Identify Biomarkers with Maximum Potential
Evidence tiers combined with the DISGENET Score and Disease Pleiotropy Index (DPI) help identify proteins that are both biologically meaningful and IBD-specific. These insights guide early translational studies, such as patient stratification, early detection models, or monitoring treatment response. This allows teams to focus on proteins with the highest potential impact.
Spot Emerging Targets Before Competitors
Tier 2 proteins and those with broader pleiotropy may reveal emerging biology worth exploring. Using DISGENET to contextualize these candidates against existing disease associations helps de-risk early-stage studies and focus on proteins with translational potential.

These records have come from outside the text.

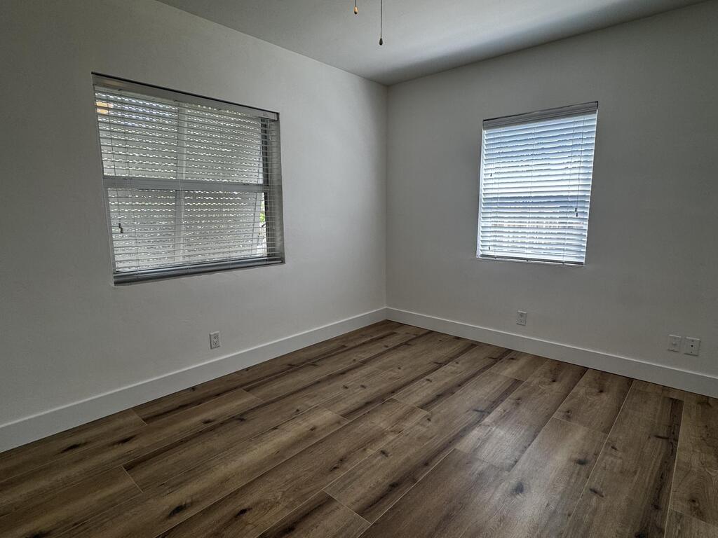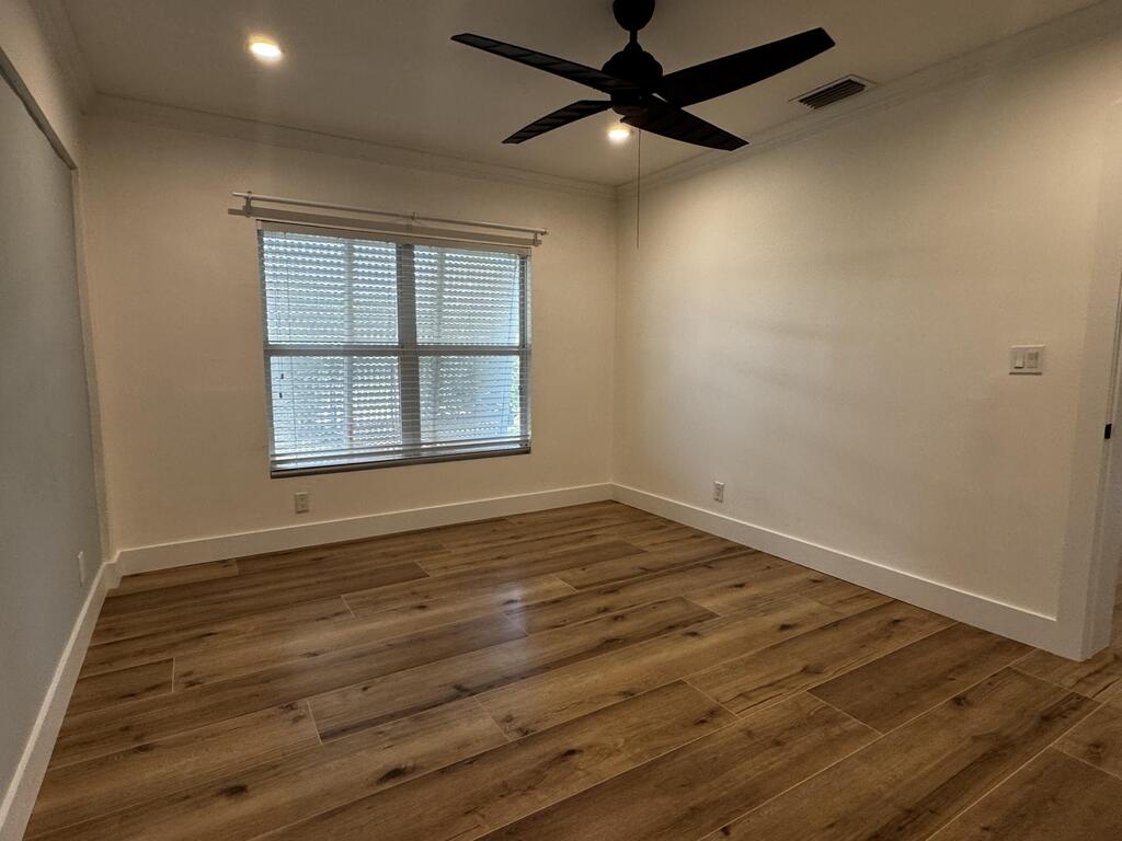 This beautifully renovated 3 bedroom, 2 bathroom home blends modern comfort with timeless style. Recently updated for its next tenant, the home features brand-new tile flooring throughout and an expanded, spa inspired bathroom with high end finishes. The chef's kitchen is equipped with stainless steel appliances, granite countertops, and an oversized bar, perfect for casual dining or entertaining. Enjoy an open layout with space for a formal dining area or lounge. Outside, the large backyard offers lush landscaping, a spacious storage shed, and plenty of room for parking. All just minutes from top dining, shopping, and the beach.
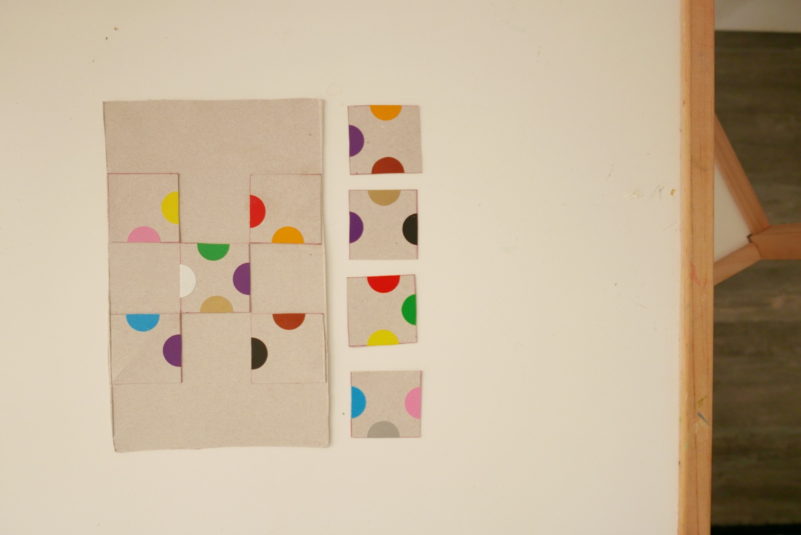 Opäť aktivita, ktorá pripravuje pôdu pre náročnejšie hľadačky. Z prázdej škatule (v mojom prípade opäť z #babylove výrobkov) vystrihneme kartičky, predkreslíme tieto tvary na papier a na každú stranu nalepíme nálepku či nakreslíme niečo fixkou. Dieťa musí nájsť správnu kombináciu farieb/obrázkov na kartičke a uloží ho na predlohu.
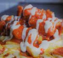 Deliciosa pizza de 12 ", de boneless en salsa búfalo butter, con orilla rellena de queso mozzarela, delineada con aderezo ranch, y al centro french fries con lineas de queso cheddar.
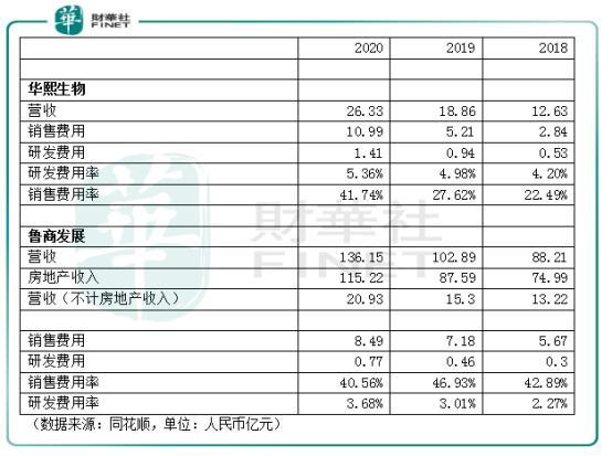 华熙生物过去三年的研发投入分别是0.553亿元、0.94亿元及1.41亿元,对应研发费用率分别为5.36%、4.98%及4.20%,同期鲁商发展的研发投入分别为0.77亿元、0.46亿元及0.3亿元,对应不计房地产收入外的总营收(为方便比较)计算得出的研发费用率分别是3.68%、3.01%以及2.27%。
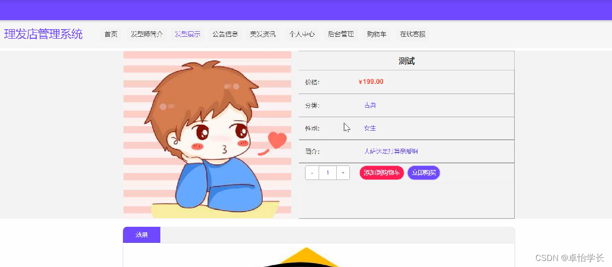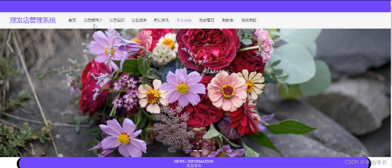 前台功能:用户进入系统可以对首页,发型师简介,发型展示,公告信息,美发资讯,个人中心,后台管理,购物车,在线客服等功能进行操作。
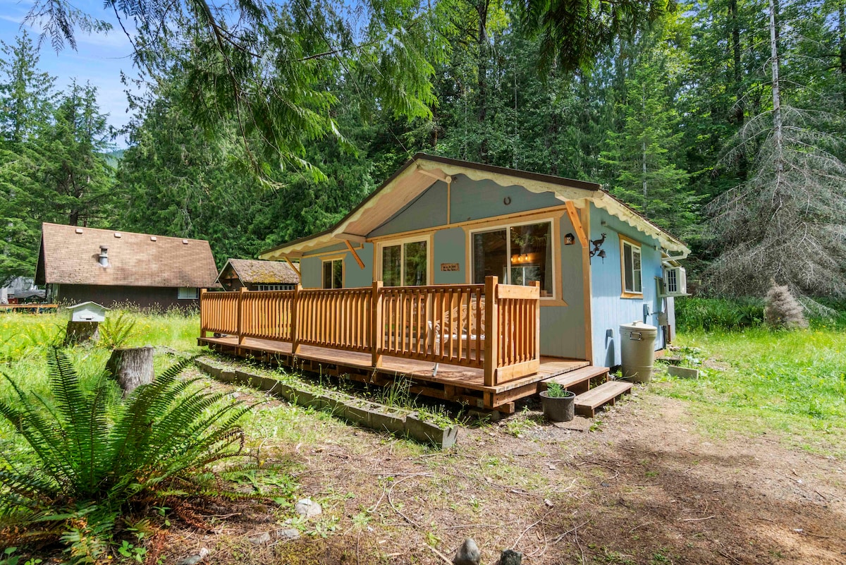 Détendez-vous dans ce logement unique et tranquille. Dans cette location de vacances rustique et confortable de 2 chambres et 1 salle de bain, tout ce dont vous aurez besoin pour une escapade relaxante, c'est vous et vos proches (amis à fourrure inclus). De jour, explorez des sentiers de randonnée à couper le souffle dans le parc national du mont Rainier, et le soir, offrez à vos jambes endolories un bain réparateur dans le jacuzzi privé du chalet. Cette charmante cabane se trouve à un emplacement qui permet de se rendre à pied aux restaurants et à quelques pas du centre-ville d'Ashford et de la rivière Nisqually.
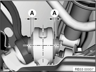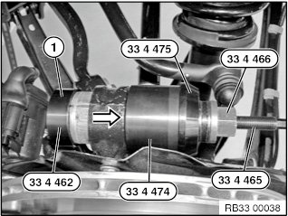 Pull rubber mount (1) in using special tools 33 4 462, 33 4 465, 33 4 466, 33 4 474 and 33 4 475.
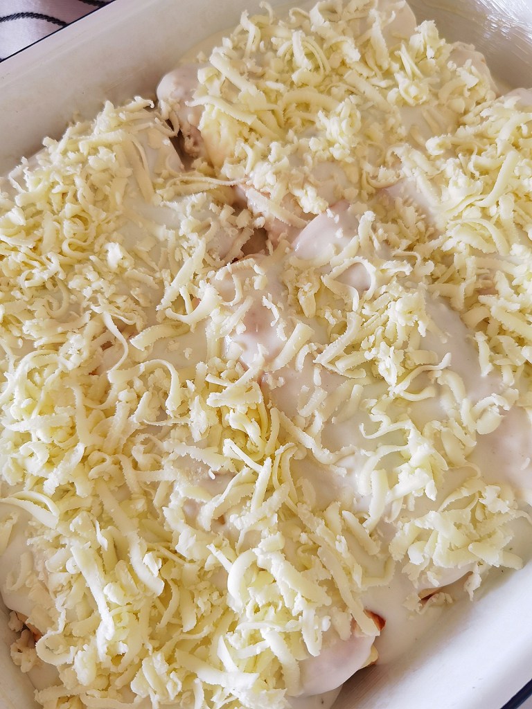 Тава с размер 30х25 см. намазах с масло. В средата на всяка палачинка сложих по около 2 с.л. от спанака и завих първо от двете страни, а след това на руло, което разположих в тавата. По този начин приготвих всички палачинки. Полях ги с белия сос и поръсих с настъргания кашкавал. Сложих в загрята на 180 градуса фурна да се запекат до апетитен загар на кашкавала. Оставих леко да се охладят преди да ги сервирам.

Streamline Target Prioritization for Efficient Validation
Integrating genetic support, evidence tiers, and disease associations provides a systematic approach to prioritization. Proteins can be ranked by causal evidence, disease specificity, and novelty, helping teams allocate experimental resources efficiently while keeping exploratory targets in view for follow-up studies.
Curious how your team can prioritize IBD proteins more efficiently? Book a demo and explore them in DISGENET
Advancing IBD Research
Contextualizing IBD-associated proteins through integrated data layers allows biotech and pharma teams to distinguish well-established targets from emerging opportunities. Leveraging this framework helps focus R&D efforts on proteins most likely to yield high-value insights, streamline experimental validation, and maintain a competitive edge in biomarker and therapeutic discovery.
Key Takeaways
- 17 of 22 proteins are already linked to IBD, UC, or Crohn’s Disease, confirming strong biological relevance.
- Tier 1 proteins (e.g., IL12B, IFNG, CXCL9) represent high-confidence targets for biomarker validation or therapeutic exploration.
- Tier 2 proteins may reveal emerging biology, offering opportunities for early-stage discovery and novel mechanistic insights.
- DISGENET metrics (DISGENET Score and Disease Pleiotropy Index) allow teams to assess disease specificity and potential impact, streamlining prioritization decisions.